August 31, 2014

African Dream Root: Silene Capensis Plus Synaptolepis Kirkii

Today I am beginning a three month process. After which, I expect to be waking up with vivid recall of my previous night's dreams forevermore. Silene capensis, if taken daily for three months, will have permanent effects on dreams, dream content, and dream recall.

African dream root (silene capensis) is used by the Xhosa people to induce vivid "prophetic" dreams. The only information I have been able to find about it comes mostly from forum posts and blog posts. If not a stimulant, then it is at least stimulant like. Some people report difficulty sleeping if they take it before bed, some report better sleep.

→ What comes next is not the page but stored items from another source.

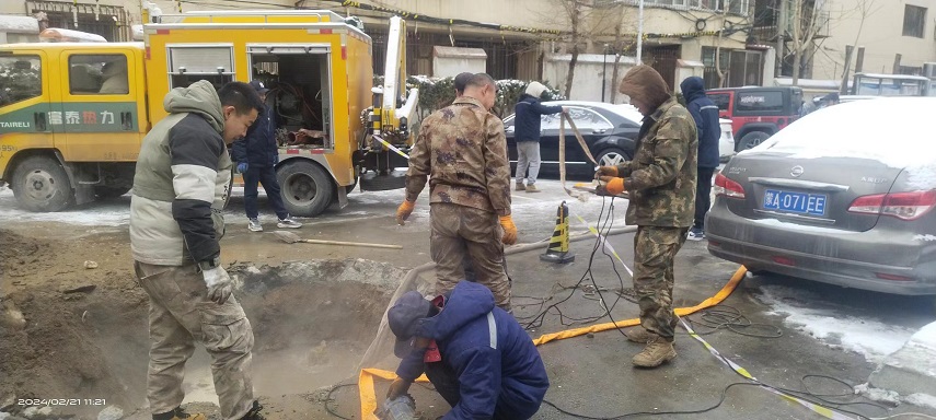 2月21日早上7點(diǎn),祥泰熱力站員工在站內(nèi)巡檢時發(fā)現(xiàn)壓力波動異常,補(bǔ)水泵變頻增高,經(jīng)過一個多小時的巡檢排查后發(fā)現(xiàn)是金都園小區(qū)院內(nèi)路面有滲水,初步判斷為直埋管破裂導(dǎo)致跑水,該處漏點(diǎn)直接影響祥泰站和成小區(qū)1.2萬平方米用戶正常用熱。光華供暖所所長姚曉飛得知情況后迅速聯(lián)系分公司搶修人員到達(dá)現(xiàn)場,由于當(dāng)時正在下雪,路面結(jié)冰,給搶修工作增加了難度,搶修人員采用挖掘機(jī)與人工開挖查找漏點(diǎn),經(jīng)過40多分鐘的挖掘發(fā)現(xiàn)DN200主管腐蝕嚴(yán)重導(dǎo)致漏水,搶修人員使用焊接的方式堵住漏點(diǎn),恢復(fù)供熱。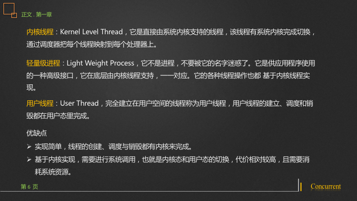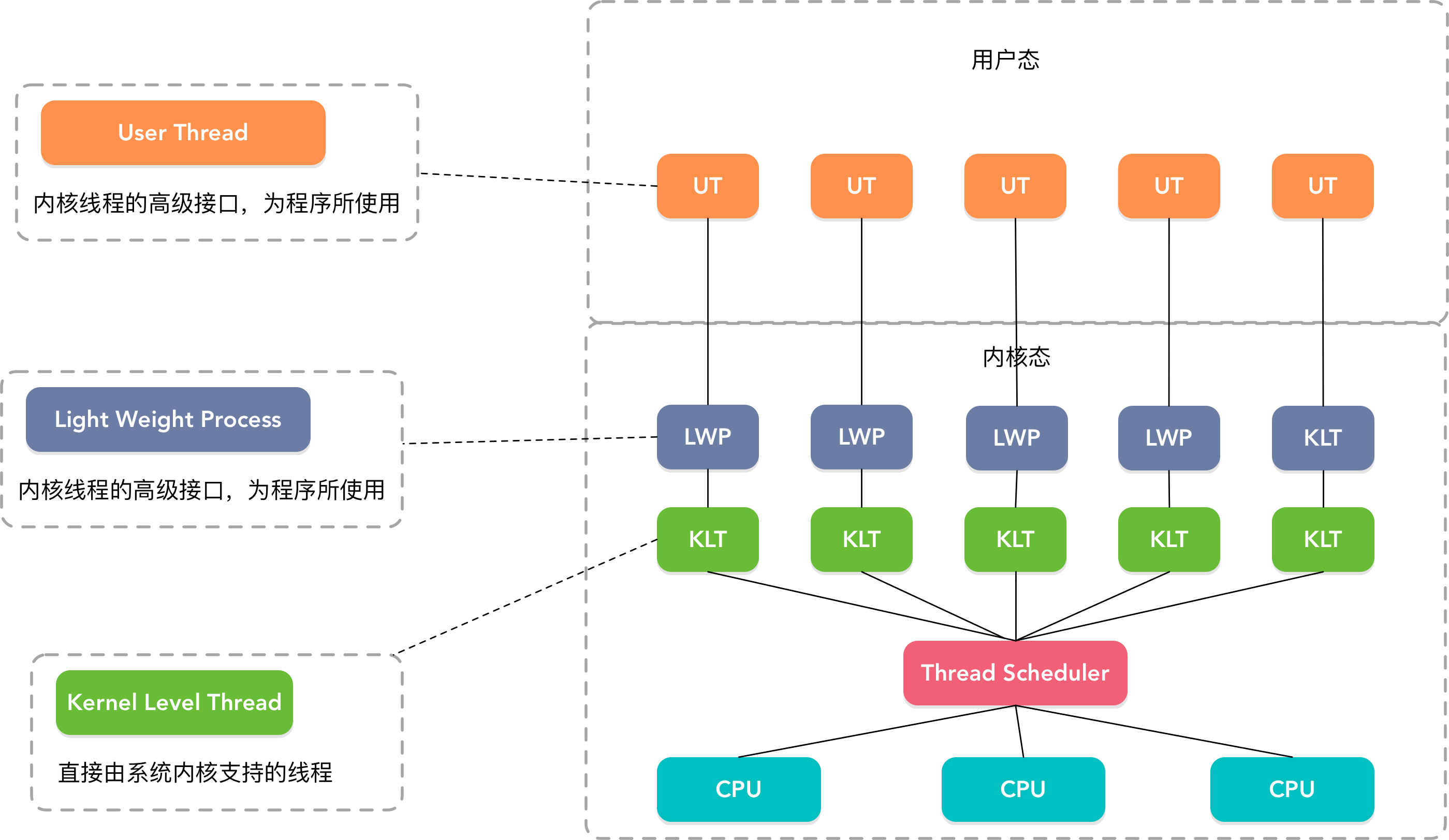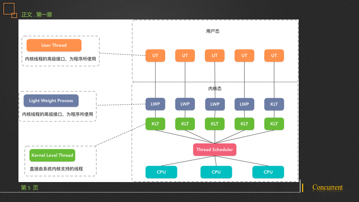 内核线程:Kernel Level Thread,它是直接由系统内核支持的线程,该线程有系统内核完成切换,通过调度器把每个线程映射到每个处理器上。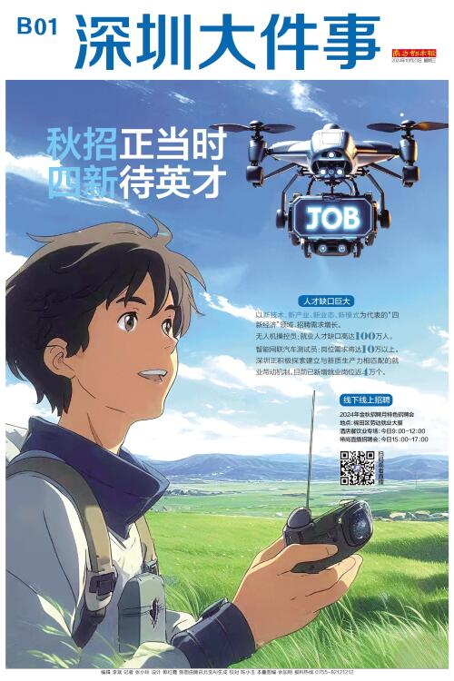 人才缺口巨大 以新技术、新产业、新业态、新模式为代表的“四新经济”领域,招聘需求增长。 无人机操控员:就业人才缺口高达100万人。 智能网联汽车测试员:岗位需求将达10万以上。 深圳正积极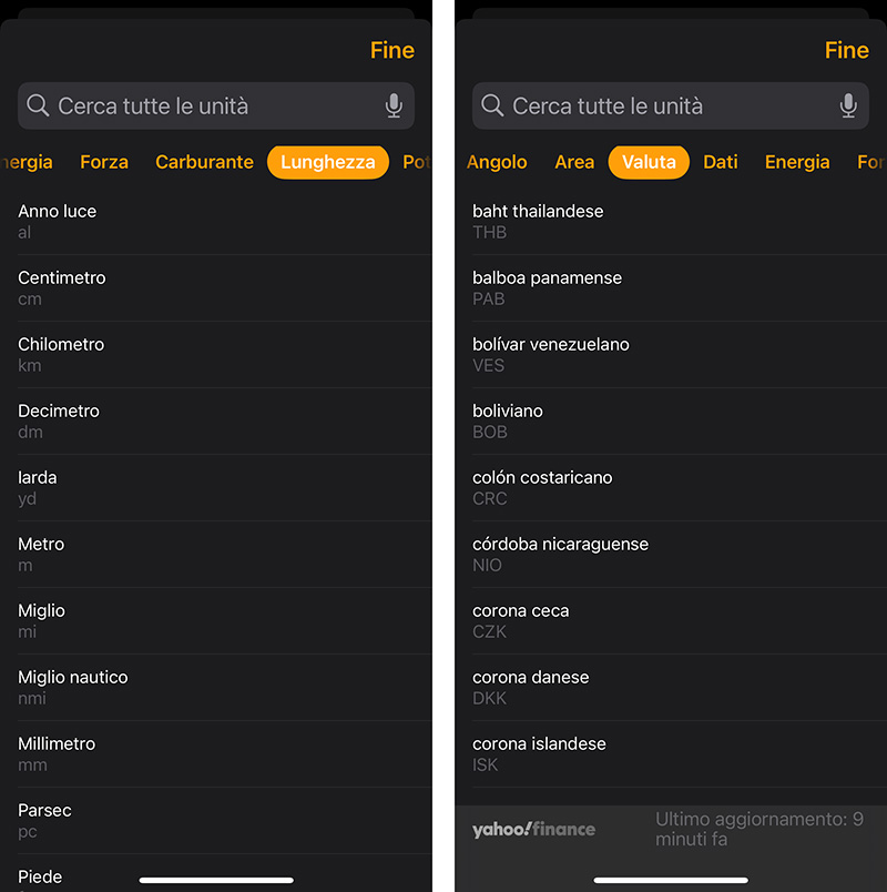 Nella parte superiore del menu Conversione, possiamo scorrere le categorie per individuare quella che ci interessa. Troviamo tutte le più diffuse: Lunghezza, Area, Volume, Peso, Temperatura e così via. Tra queste, c’è anche Valuta, per la conversione tra monete di Paesi diversi.

Thus, I will be taking my dosing in the morning, with an optional smaller dose before bed. This post mentions a sedative like effect at low doses, and a stimulant like effect at higher doses. This could explain some of the varying reports. It's effects on dreams don't typically appear for at least a few days. After a week or two of daily use, the effects become very powerful. After three months, the effects become permanent, only to be temporally displaced by taking certain drugs.

Traditionally, silene capensis is mixed with water and then stirred with a stick until foam gathers on top. The foam is what is consumed. I will not be taking it like this, as it uses larger quantities and is harder to calculate relative dose. I will however, use this to test the quality of my purchase. If it foams well, I presume that means it is high quality.

Synaptolepis kirkii appears to be subjectively similar to silene capensis. However, I've seen several reports saying that they prefer the effects that synaptolepis kirkii has on their dream content and feel. There is not as much information on synaptolepis kirkii as there is on silene capensis. I'm sorry I can't be more informative on synaptolepis kirkii at this date.

I will be taking synaptolepis kirkii and silene capensis in equal quantities. They both arrived in powdered form. I might, make tea, capsules, or just chew and swallow. Silene capensis tastes sweet, a bit similar to liquorice.